Material for this exercise:
● ● ● ● ●

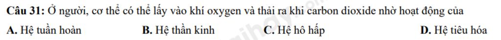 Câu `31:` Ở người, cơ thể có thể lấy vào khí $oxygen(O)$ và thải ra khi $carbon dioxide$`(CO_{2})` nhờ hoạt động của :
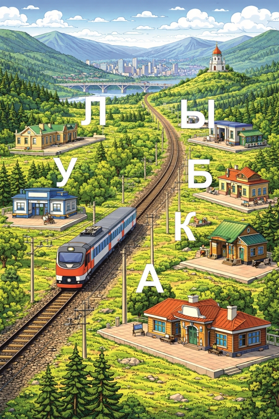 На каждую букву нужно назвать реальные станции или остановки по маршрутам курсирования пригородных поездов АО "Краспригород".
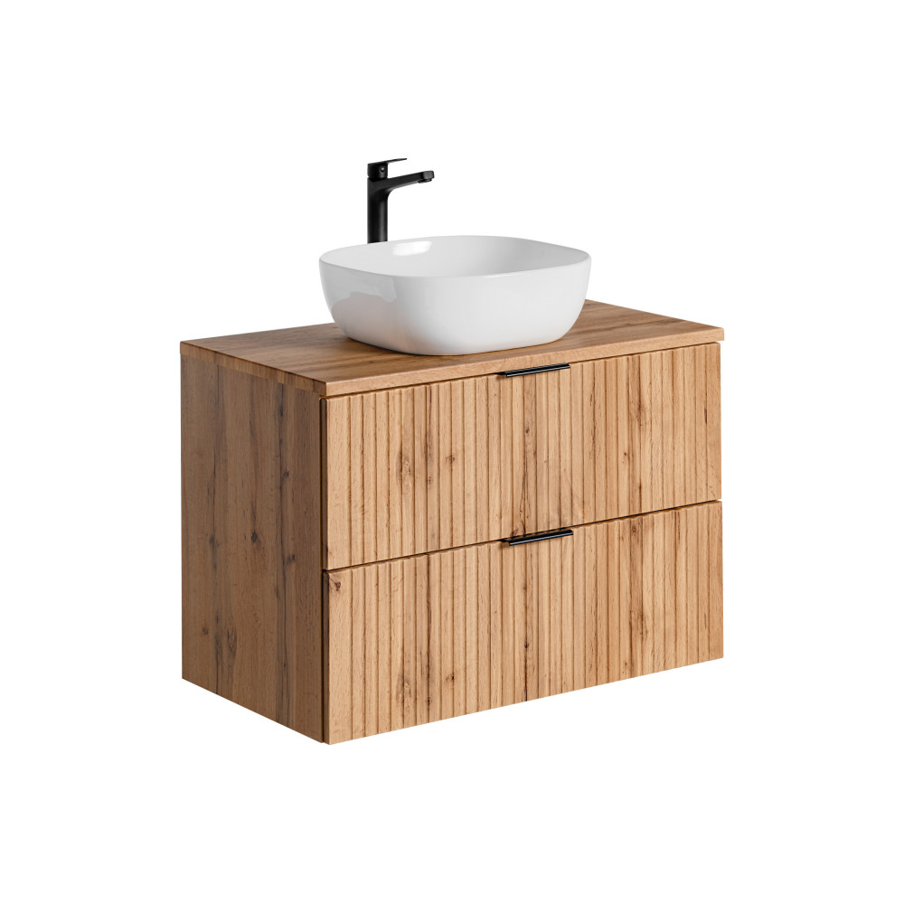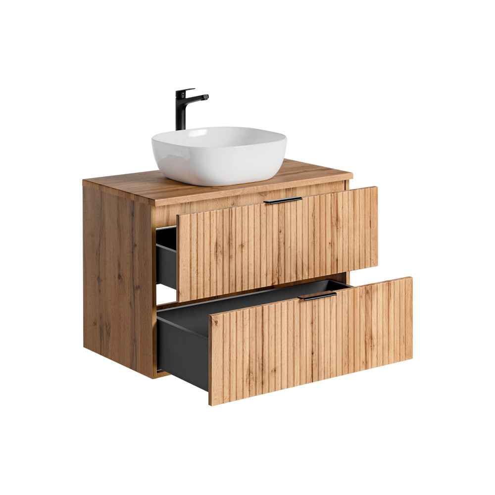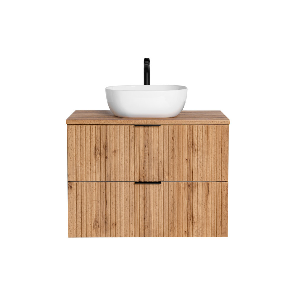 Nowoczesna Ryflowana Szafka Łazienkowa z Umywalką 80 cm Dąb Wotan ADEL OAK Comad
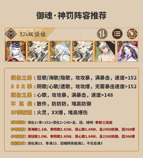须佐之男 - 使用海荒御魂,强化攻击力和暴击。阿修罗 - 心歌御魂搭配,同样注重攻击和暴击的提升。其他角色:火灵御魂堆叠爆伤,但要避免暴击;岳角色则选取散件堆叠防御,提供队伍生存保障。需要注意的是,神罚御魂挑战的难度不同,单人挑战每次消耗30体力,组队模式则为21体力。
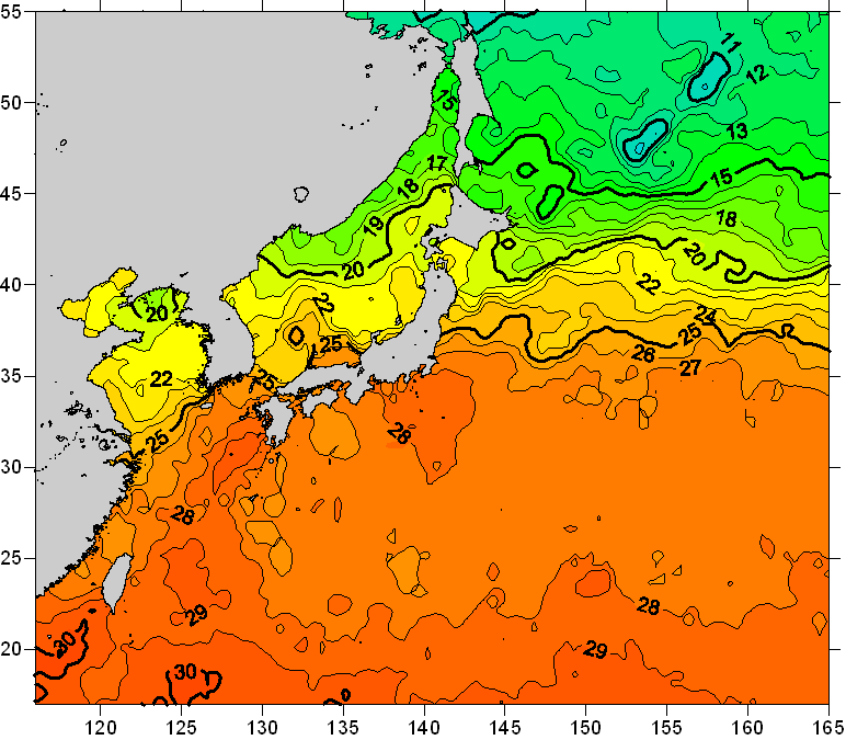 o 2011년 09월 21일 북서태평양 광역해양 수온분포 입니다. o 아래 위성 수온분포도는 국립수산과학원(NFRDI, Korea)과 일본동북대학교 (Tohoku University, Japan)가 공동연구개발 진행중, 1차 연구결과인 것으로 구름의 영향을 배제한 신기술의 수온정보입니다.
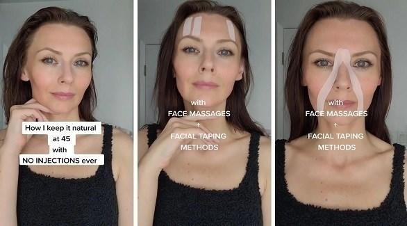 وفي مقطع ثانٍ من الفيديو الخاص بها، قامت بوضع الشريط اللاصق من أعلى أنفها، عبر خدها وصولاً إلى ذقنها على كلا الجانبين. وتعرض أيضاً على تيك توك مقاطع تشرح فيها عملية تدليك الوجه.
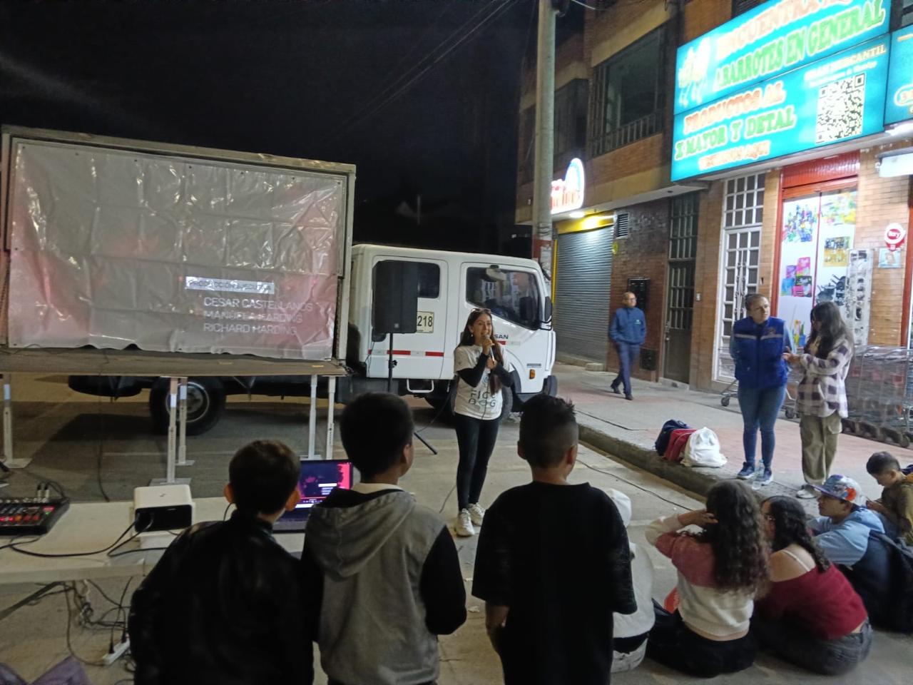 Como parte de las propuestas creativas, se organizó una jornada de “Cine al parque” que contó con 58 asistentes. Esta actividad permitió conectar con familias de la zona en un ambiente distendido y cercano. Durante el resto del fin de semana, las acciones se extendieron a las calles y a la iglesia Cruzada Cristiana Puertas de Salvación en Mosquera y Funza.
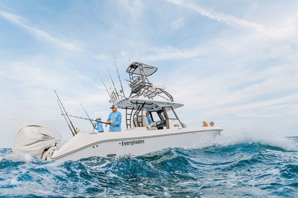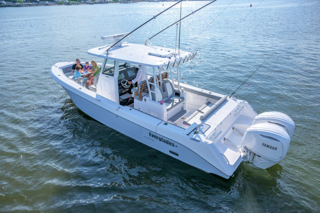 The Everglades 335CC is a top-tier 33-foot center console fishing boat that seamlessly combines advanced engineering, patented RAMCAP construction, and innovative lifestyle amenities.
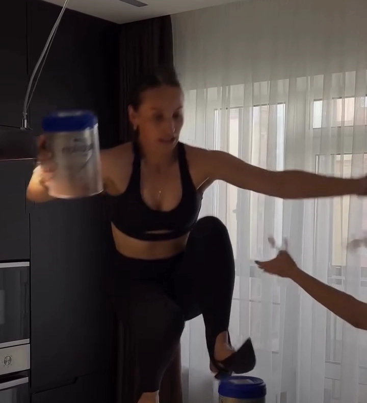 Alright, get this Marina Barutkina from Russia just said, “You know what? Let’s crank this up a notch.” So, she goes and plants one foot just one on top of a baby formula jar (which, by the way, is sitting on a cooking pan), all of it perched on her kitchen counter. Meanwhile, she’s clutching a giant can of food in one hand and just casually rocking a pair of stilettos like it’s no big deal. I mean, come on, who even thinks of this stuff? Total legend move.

● ● ● ● ●

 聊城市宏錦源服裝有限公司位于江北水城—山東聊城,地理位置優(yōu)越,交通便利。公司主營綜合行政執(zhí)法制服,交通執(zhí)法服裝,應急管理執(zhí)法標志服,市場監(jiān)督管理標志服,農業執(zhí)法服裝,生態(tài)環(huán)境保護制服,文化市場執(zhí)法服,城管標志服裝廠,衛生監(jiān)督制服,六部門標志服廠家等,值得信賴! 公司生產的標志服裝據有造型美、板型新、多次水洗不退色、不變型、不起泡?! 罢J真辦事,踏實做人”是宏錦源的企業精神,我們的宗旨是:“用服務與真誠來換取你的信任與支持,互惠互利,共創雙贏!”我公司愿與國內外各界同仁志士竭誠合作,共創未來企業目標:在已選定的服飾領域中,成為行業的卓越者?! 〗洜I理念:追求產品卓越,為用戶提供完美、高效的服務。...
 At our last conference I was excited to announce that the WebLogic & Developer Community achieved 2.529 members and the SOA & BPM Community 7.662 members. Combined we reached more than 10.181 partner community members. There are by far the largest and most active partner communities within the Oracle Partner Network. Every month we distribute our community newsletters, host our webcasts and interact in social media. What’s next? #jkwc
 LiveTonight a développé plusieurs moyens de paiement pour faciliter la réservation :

● ● ● ● ●

Your task:
Quote the lines above exactly, starting with the one that has "须佐之男 - 使用海荒御魂,强化攻击力和暴击。阿修罗" and ending with the one that has "وفي مقطع ثانٍ"; drop the pictures and include nothing else.

Exercise response:
须佐之男 - 使用海荒御魂,强化攻击力和暴击。阿修罗 - 心歌御魂搭配,同样注重攻击和暴击的提升。其他角色:火灵御魂堆叠爆伤,但要避免暴击;岳角色则选取散件堆叠防御,提供队伍生存保障。需要注意的是,神罚御魂挑战的难度不同,单人挑战每次消耗30体力,组队模式则为21体力。
 o 2011년 09월 21일 북서태평양 광역해양 수온분포 입니다. o 아래 위성 수온분포도는 국립수산과학원(NFRDI, Korea)과 일본동북대학교 (Tohoku University, Japan)가 공동연구개발 진행중, 1차 연구결과인 것으로 구름의 영향을 배제한 신기술의 수온정보입니다.
 وفي مقطع ثانٍ من الفيديو الخاص بها، قامت بوضع الشريط اللاصق من أعلى أنفها، عبر خدها وصولاً إلى ذقنها على كلا الجانبين. وتعرض أيضاً على تيك توك مقاطع تشرح فيها عملية تدليك الوجه.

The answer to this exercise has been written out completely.